Recently, for instance, in El Peñón County in Santander Department, the local government held a popular consult, which voted to disallow a full range of exploration and extraction operations. The intention, ostensibly at least, was to favor an economy of agriculture and tourism. El Peñón (which translates to ‘crag’) is a beautiful mountainous place, so the preference of a pastoral, touristic future is not an unreasonable fantasy. The article from Semana (which also enjoyed wide publication), however, argues that the locally determined, total prohibition of resource extraction activities is unconstitutional. It further argues that some of the consults were promoted on the basis of false arguments. Regardless, El Peñón may present a case-study of a security challenge created by an admixture of related, not so innocent phenomena.
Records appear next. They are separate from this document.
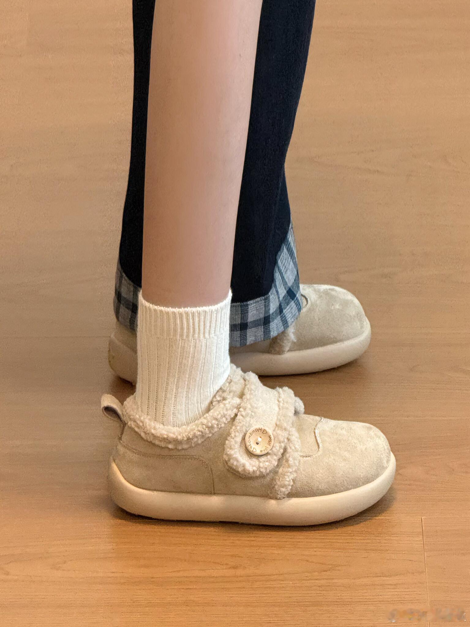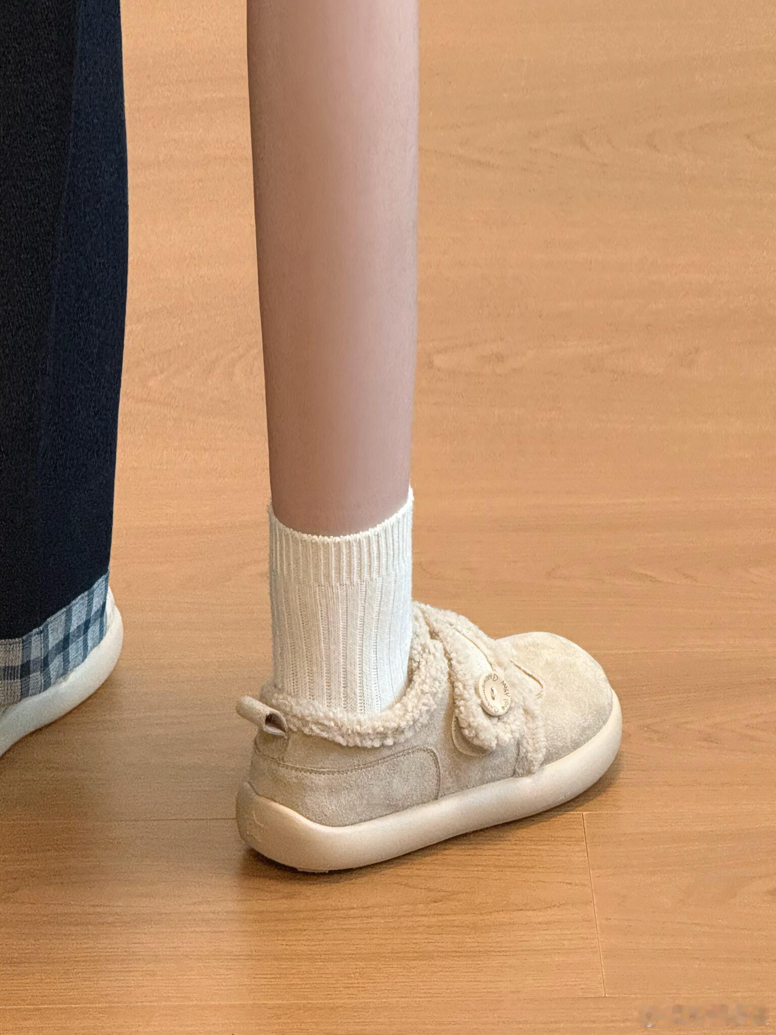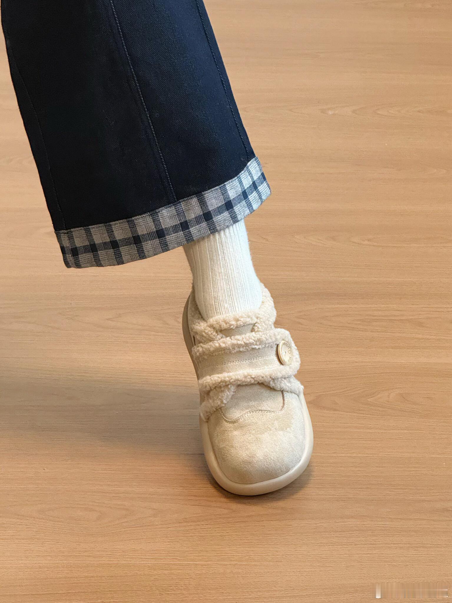 设计细节尤为出众:侧面的圆形木质纽扣带来了自然质朴的触感,而鞋带部分则别出心裁地使用了同款毛绒材质,并系成一个精致的蝴蝶结,成为点睛之笔。整体简约的廓形与温馨的米白色调,赋予它极高的搭配性,无论是搭配裙装还是休闲裤装,都能轻松展现优雅可爱的风格。时尚鞋履
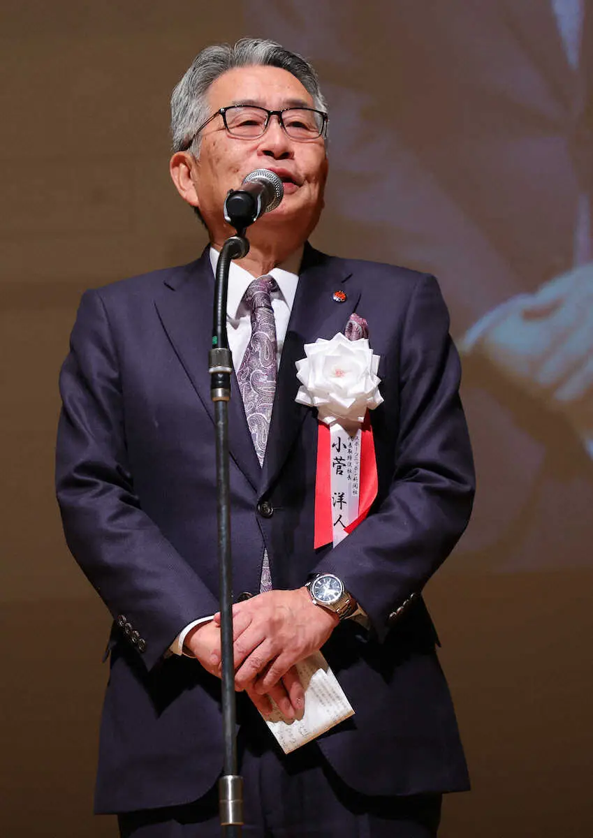 主催者としてあいさつに立ったスポーツニッポン新聞社の小菅洋人代表取締役社長は「今は藤井一強の時代と言われますが、“駒大一強”とされた先日の箱根駅伝では青学大が優勝した。今年は辰年。ぜひ名前に入った竜のように、菅井八段には頂点を目指してほしい」と力を込めた。
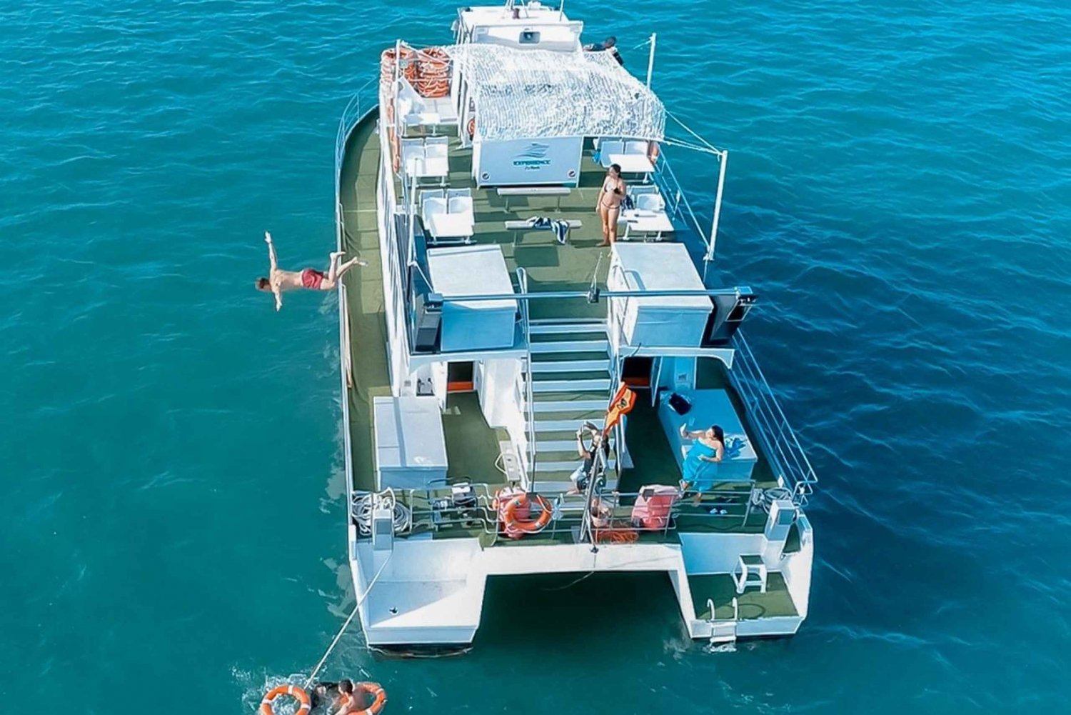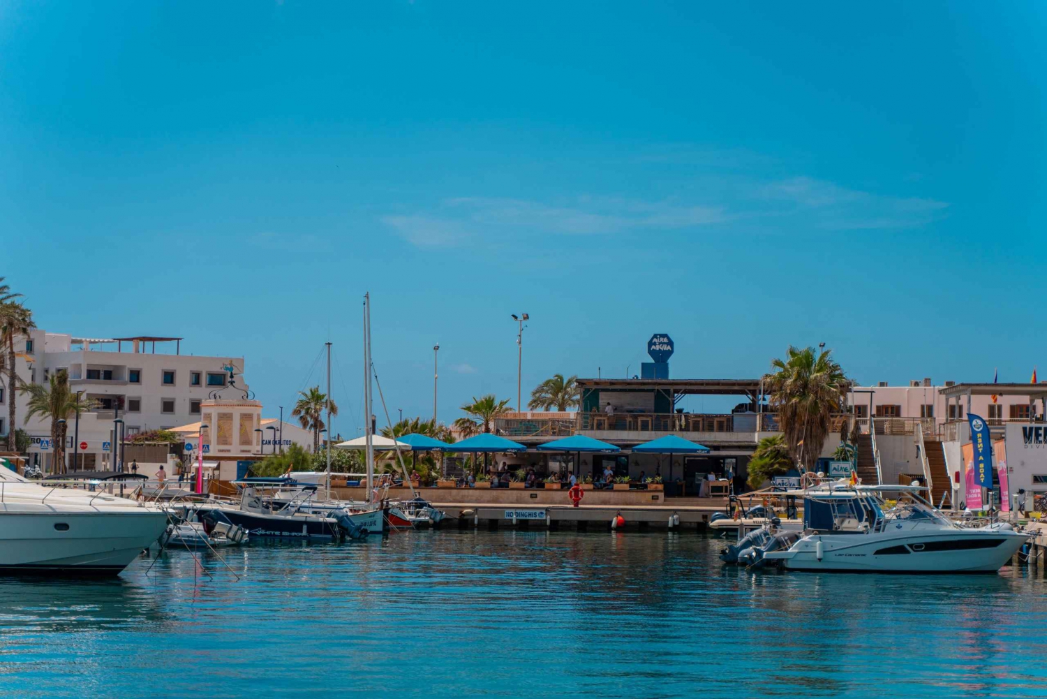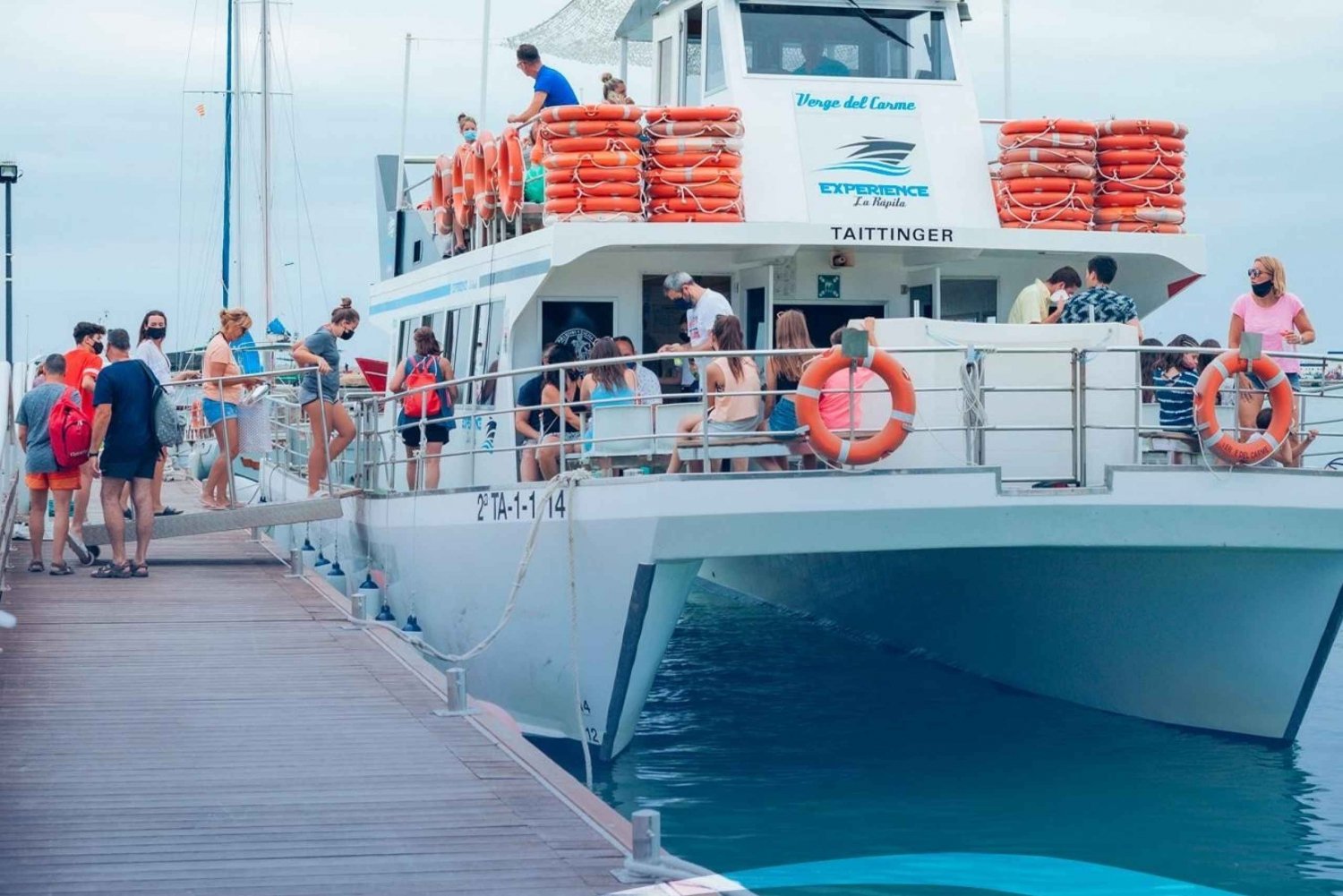 Sube a bordo de una cómoda embarcación en el muelle de Playa den Bossa, en Ibiza. Disfruta de la belleza del mar y del litoral mientras degustas refrescos, cerveza, sangría y agua durante el trayecto a Es Palmador y Ses Illetes. Disfruta de una deliciosa comida entre paradas, con paella de marisco, paella de pollo y paella vegana con ensalada mixta fresca, pan y alioli. Sumérgete en la diversión con paddleboards, hinchables, colchonetas flotantes y flotadores durante 3 emocionantes paradas: Es Palmador (1,5 horas): navega en paddleboard por la costa y participa en diversas actividades acuáticas. Después, saborea la comida servida a bordo. Ses Illetes (1,5 horas): Practica snorkel en aguas cristalinas y participa en otras actividades acuáticas. Muelle de Formentera (13:00): Desembarca para disfrutar de tiempo libre en la isla y explorar sus playas de arena antes de regresar más tarde con nuestras embarcaciones. Primera vuelta: Salida de Formentera a las 13:15 en el mismo catamarán, llegada a Ibiza a las 14:15. Segunda vuelta: Salida a las 18:15 con barra libre y aperitivos durante el trayecto de vuelta desde Formentera.Includes
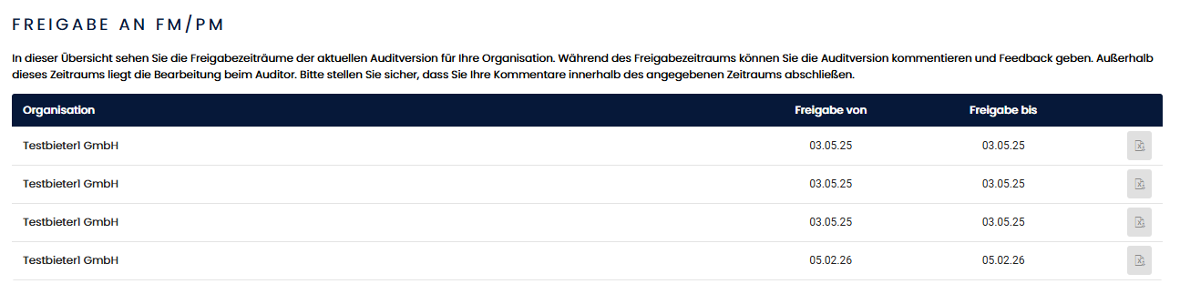 Ihr Zugriffsrecht wird vom Auditor gesteuert. Der Lesezugriff wird über die Option "Leserechte FM während Audit" in den Grunddaten aktiviert. Der Schreibzugriff wird automatisch während eines aktiven Freigabezeitraums gewährt.
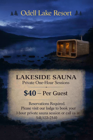 Slip into something unforgettable at Odell Lake Resort. Our brand-new lakeside sauna offers a private, one-hour escape right on the water for just $40 per person, where the warmth of cedar meets the absolutely breathtaking serenity of the lake. Looking for more exhilaration? Take the polar plunge for the ultimate contrast of heat and cold. Relax. Rush. Repeat.

Some communities, perhaps El Peñón, are near, contiguous with, or perhaps home to smuggling routes. Such intimacy with smuggling routes exposes a community to smuggling gangs, including powerful guerrilla hybrids such as the ELN and FARC, or to some of the lesser-known criminal smuggling organizations. These gangs tend strongly to be in some kind of mutually beneficial association with the regions’s Bolivarian hierarchy, that is to say, with the inter- and trans-national political-governmental movement of the Marxist left. As is perhaps the case in El Peñón county (and several of the other counties noted in the Semana article), the local consults and attendant marches have been organized by pro-Bolivarians. The exact voting result in El Peñón is unknown, but the 97% vote in Cajamarca was itself suspect as a bit too perfect.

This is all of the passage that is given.